------ Data block

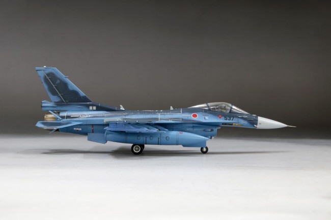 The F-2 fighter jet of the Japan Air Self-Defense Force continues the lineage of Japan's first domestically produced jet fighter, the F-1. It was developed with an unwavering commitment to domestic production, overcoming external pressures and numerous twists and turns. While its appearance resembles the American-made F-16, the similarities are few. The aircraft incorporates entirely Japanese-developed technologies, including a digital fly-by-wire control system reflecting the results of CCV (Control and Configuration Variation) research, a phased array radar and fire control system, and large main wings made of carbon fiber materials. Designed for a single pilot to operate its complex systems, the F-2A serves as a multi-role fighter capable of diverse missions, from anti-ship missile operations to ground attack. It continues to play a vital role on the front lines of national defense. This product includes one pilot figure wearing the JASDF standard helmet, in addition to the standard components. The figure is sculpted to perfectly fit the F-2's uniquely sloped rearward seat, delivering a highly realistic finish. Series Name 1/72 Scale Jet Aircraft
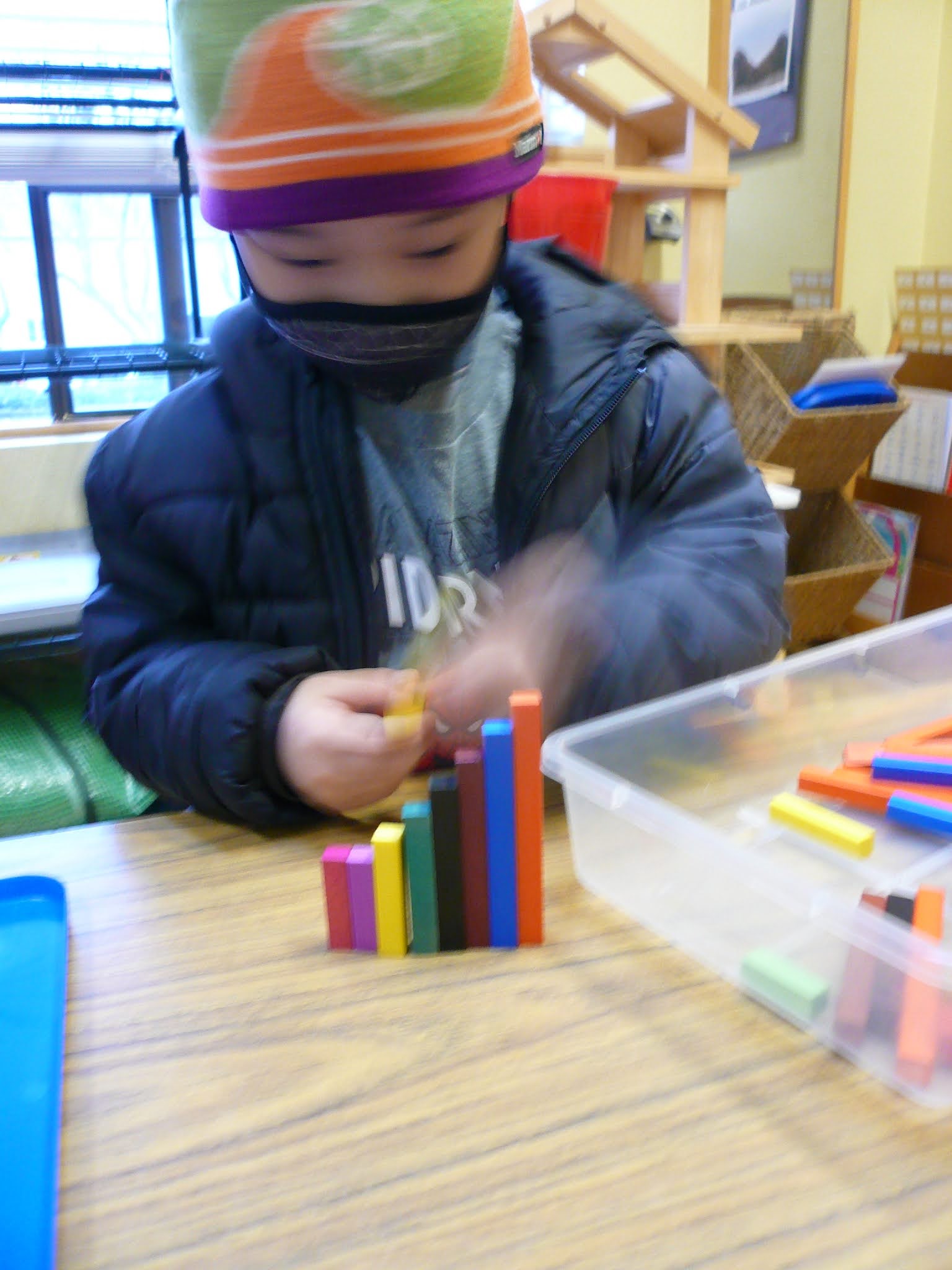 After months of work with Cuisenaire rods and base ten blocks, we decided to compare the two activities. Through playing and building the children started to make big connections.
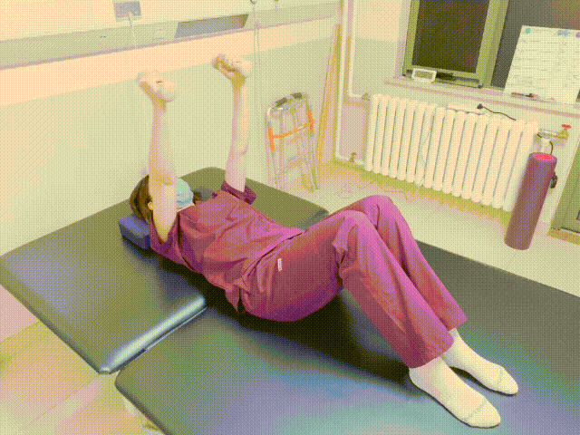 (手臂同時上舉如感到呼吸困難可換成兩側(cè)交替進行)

------------

■ Goal of the exercise
Look above for the line containing "After months of"; output that line and all lines after it through the last one exactly, without the pictures.

■ Output of the task
 After months of work with Cuisenaire rods and base ten blocks, we decided to compare the two activities. Through playing and building the children started to make big connections.
 (手臂同時上舉如感到呼吸困難可換成兩側(cè)交替進行)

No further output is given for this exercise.